The freezing of federal energy and manufacturing funding programs created real economic damage to America’s economy and global competitiveness. Every dollar that was kept on the sidelines was a dollar that was not being used to buy materials and equipment, pay workers, and support local economies more broadly.
The delay in releasing these funds meant that the United States missed opportunities to advance domestic manufacturing, create jobs, and develop the clean energy technologies that would shape the global economy for decades to come. The cost of delay was substantial and increased by the second. In fact, every day of delay translated into $10 million of lost economic output – money that was never recovered.
The logic was simple. Over time, goods and services got more expensive. A dollar spent the following year would not buy as much as a dollar at that time.
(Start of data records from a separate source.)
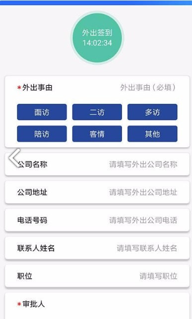 当员工外出办公的时候,还可以在外签到,面访客户、暗访客户等情况都可以申请在外打卡,高效记录用户的外出情况。
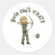 Pegatina Redonda Arquetería femenina de rubia en camuflaje
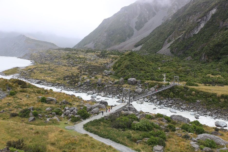 Da sich der Mt. Cook in den Wolken versteckte, entschieden wir uns zum Hooker Lake zu wandern.

That meant less economic value overall: less equipment and materials purchased, fewer people employed, and less real economic activity created in the communities where the projects were located. Because the total amounts of the grants were already fixed, the lost economic output from that lower purchasing power was gone forever.
These federal incentives had already catalyzed massive announced investments nationwide, demonstrating their potential to stimulate private sector investment, create high-quality jobs, and revitalize legacy manufacturing communities. The federal funding freeze, however, cast widespread uncertainty over those projects – and threatened to drive disinvestment from promising American energy and manufacturing projects.
C2ES partnered with research firm Greenline Insights to quantify the cumulative and accelerating impact of federal clean energy and manufacturing funding freezes.